This is a link to the Second Recognizing Textual Entailment Challenge.
http://www.pascal-network.org/Challenges/RTE2
Entailment means when the truth of one statement guarantees the truth of another statement. Here is an example from O’Grady (2005).
The park wardens killed the bear. <==> The bear is dead.
If it is true that the park wardens killed the bear, then it must also be true that the bear is dead.
This challenge involves a list of sentence pairs. The object is to write a program that can sort out the pairs where one sentence entails the other, and the pairs that do not exhibit entailment. See the link for the samples as well as links to entries to the challenge.
After I saw this challenge, I started thinking about applications for the ability to perform this entailment test. For example, image a web search that returns a list of pages. From each of the pages, take the sentences that contain the words in the original search. If the search was for ‘republican crisis’, then each sentence returned would contain those words. From this list of sentences, we perform the entailment test.
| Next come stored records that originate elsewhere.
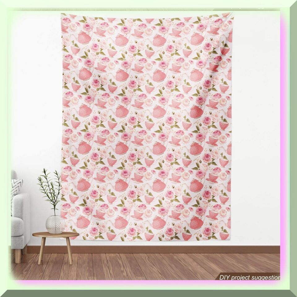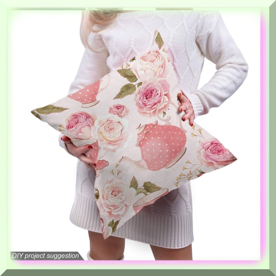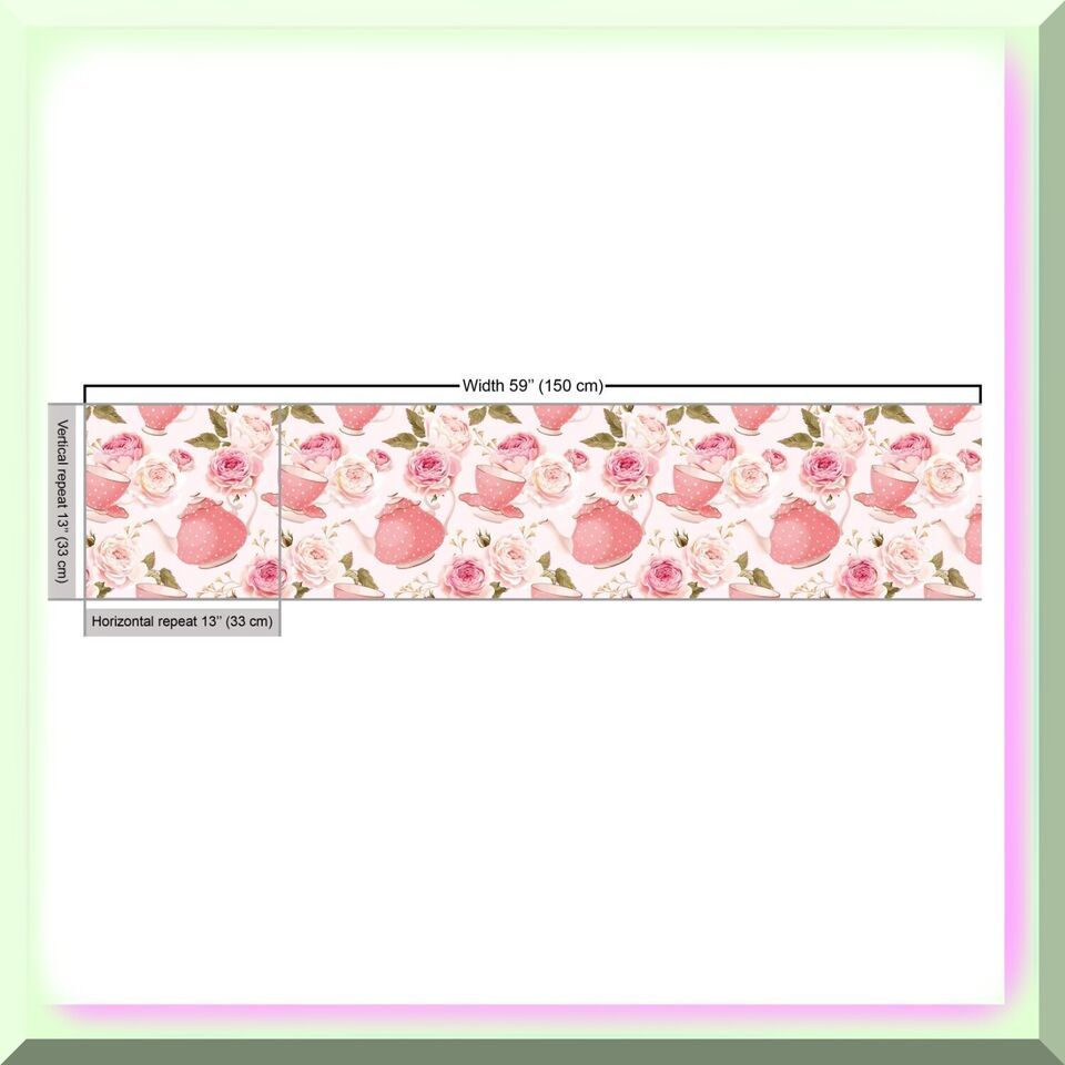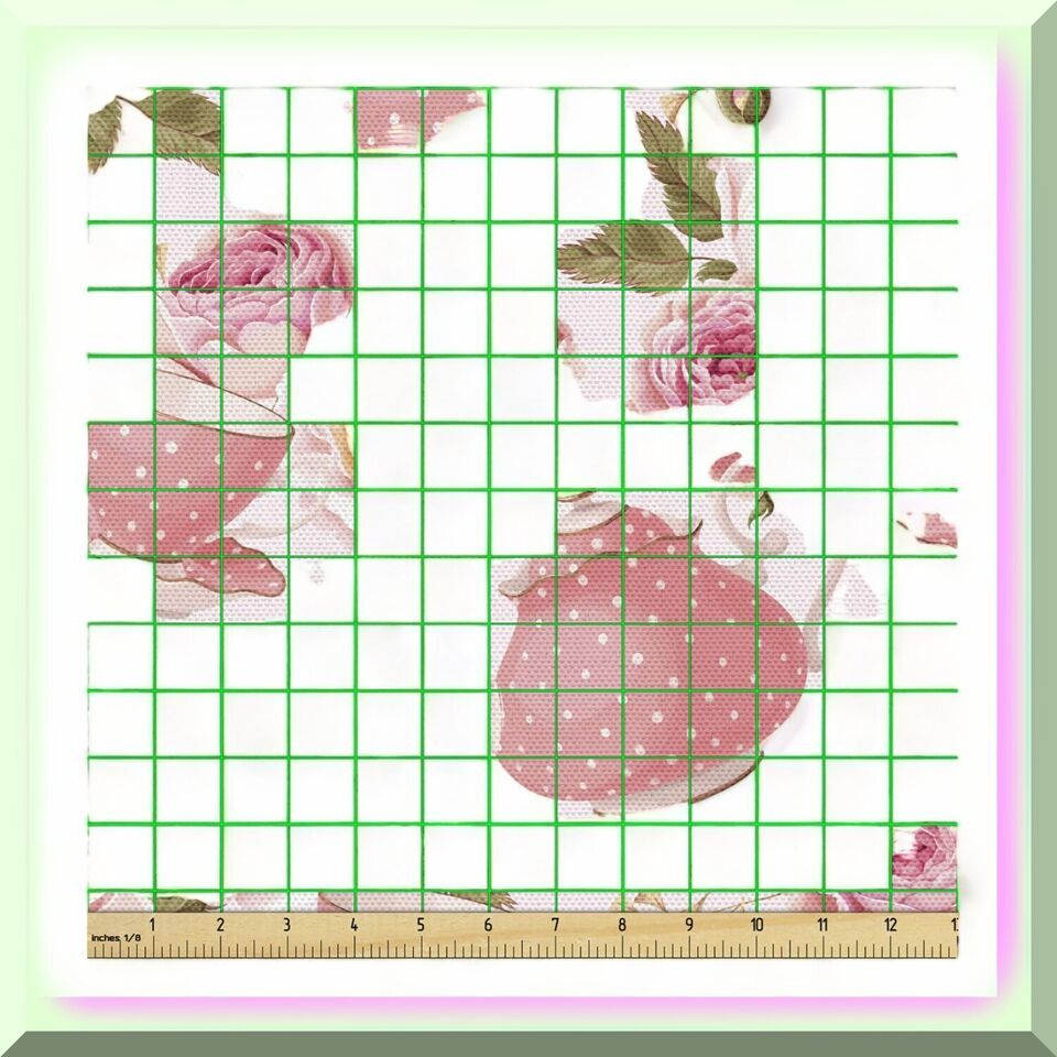 Romantic Rose Garden Fabric - Vintage Style Tea Cups Print
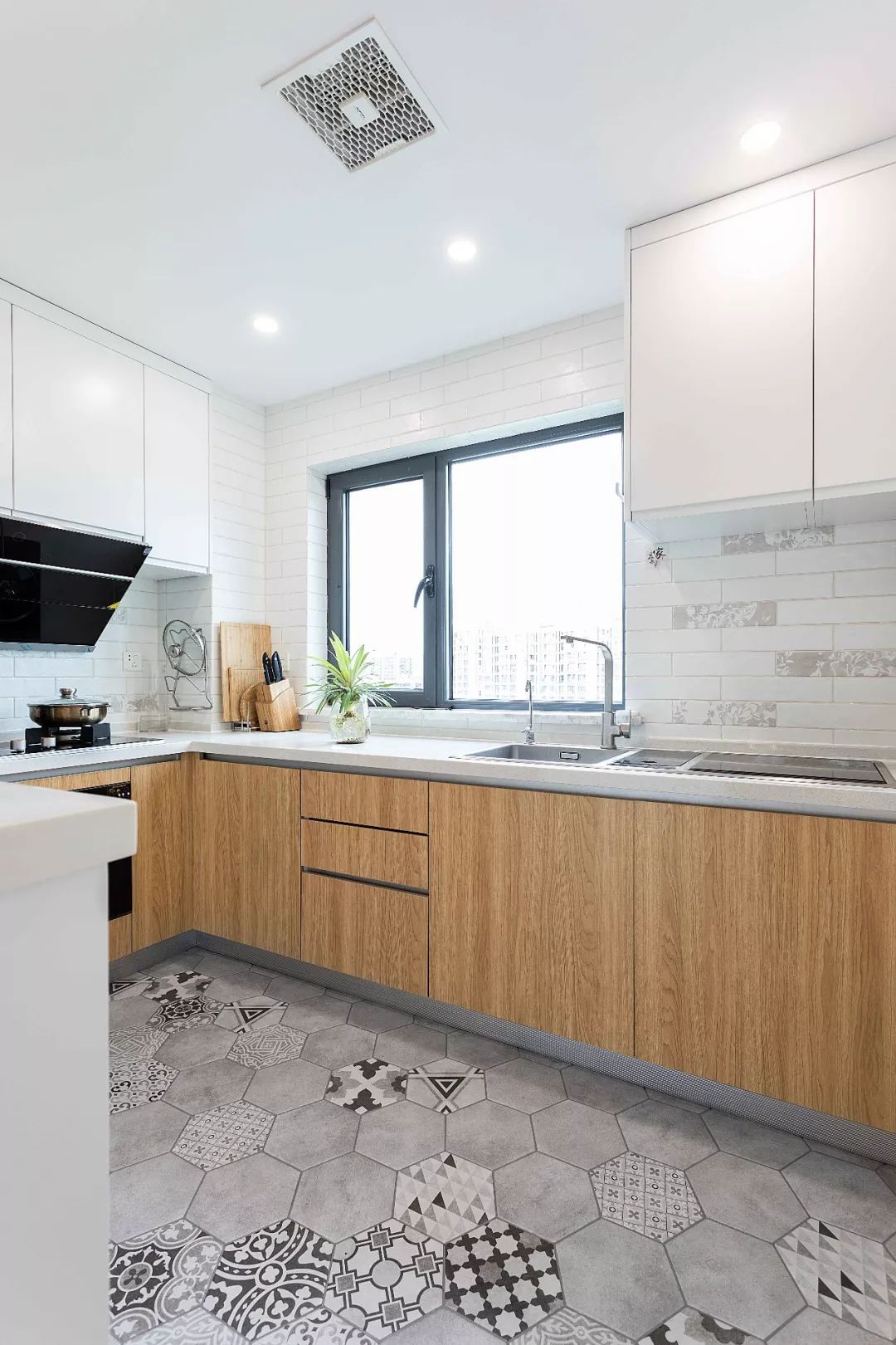 ▲ 開(kāi)放式廚房通過(guò)中島臺(tái)和餐廳進(jìn)行隔斷,地面由六邊形花磚和木地板進(jìn)行完美拼接過(guò)渡,令空間增色不少。
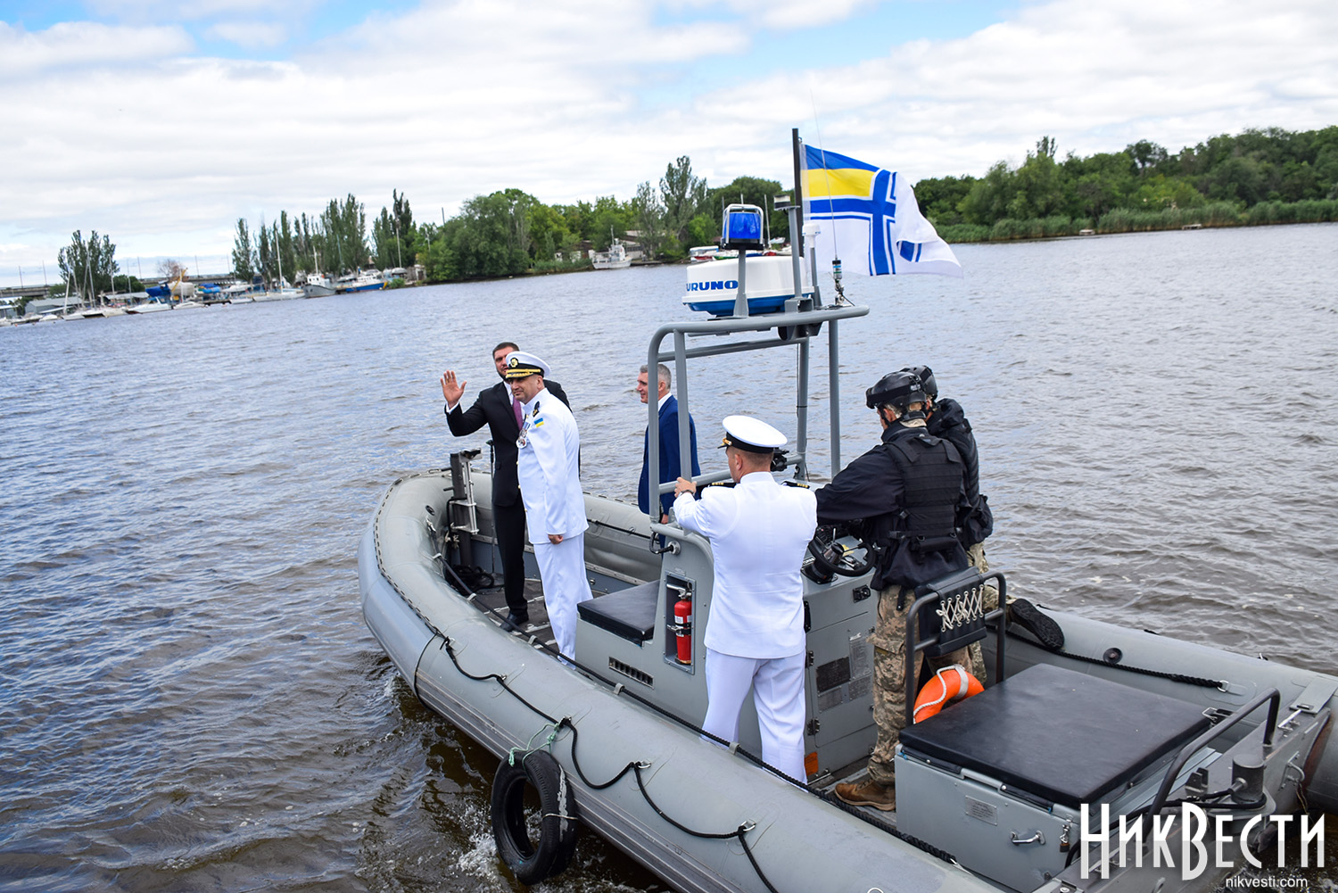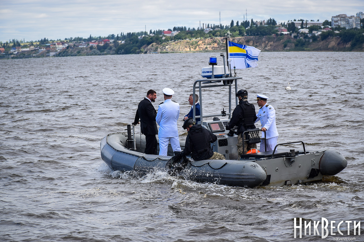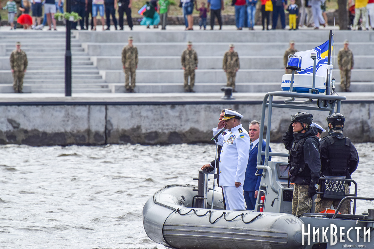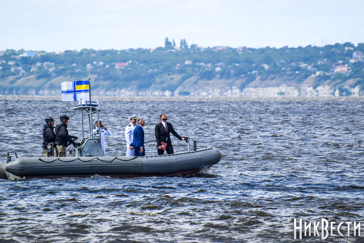 Сегодня, 1 июля, на военном катере по пути на набережную речного вокзала «*8 причал», где проходит празднование Дня военно-морских сил Украины, мэр и губернатор остановились у раздвижной части Варваровского моста, чтобы осмотреть его состояние, - сообщает корреспондент НикВести.
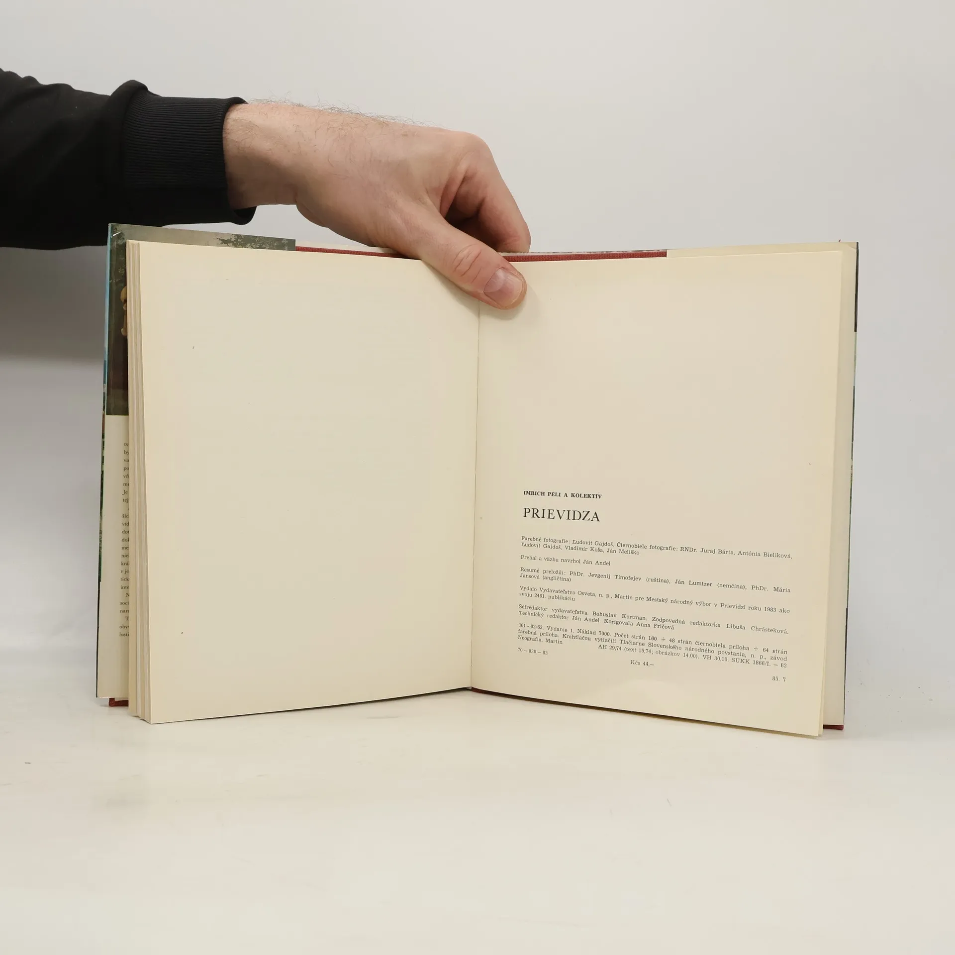 Zemepisná poloha, miestopis, prírodné pomery, história, kultúra, šport a súčasný stav Prievidze (vydané v r. 1983). Obrazová príloha súčasťou publikácie.
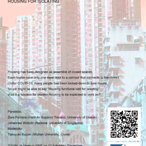 HOUSING FOR ISOLATING We have online discussion for The Next Urbanism and Architecture Under/After COVID-19. This series is subtitled “Is Modernism Frozen?” and the discussions were held with titles “HOW DO YOU MAP MODERNISM UNDER/AFTER COVID-19” and “TRAFFIC SEEKS ANOTHER WAY”. Now we are going to have the third public panel discussion titled “HOUSING FOR ISOLATING” and you are invited to participate. Panelists:Zara Ferreira (Instituto Superior Técnico, University of Lisbon)Johannes Widodo (National University of Singapore)Moderator:Takayuki Suzuki (Wuhan University, China) It is planned as a ZOOM meeting at 7pm in Japan, 10am in GMT, 90 minutes to two hours, on 12…

If there are 1000 sentences, then we are doing over 500,000 sentence compares (probably not very efficient, but ignore that for now).
After the sentence comparisons, we can sort based on which sentences entailed which ones. This will create groups of sentences where entailment was detected either one way or the other between each pair of sentences. Now that the search pages are grouped according to this entailment test, let the user pick which group to wade into first.
In other words, let the entailment test group the pages and then let the user pick the page groups accordingly. Continuing our ‘republican crisis’ example, maybe this entailment sorting method would be able to group pages that talk about republicans that have caused their own crisis and pages that talk about a crisis that republicans were working to provide relief for.
Anyway, this is just a question to ponder at this point. This entailment challenge was only the second time around, and there is still much to be learned in order to improve the accuracy of the entailment detection algorithms. And certainly, my suggestion doing a many-to-many comparison between all of the pages returned from a search is not very practical. But the idea of being able to group the pages according to this entailment criteria is never the less very intriguing.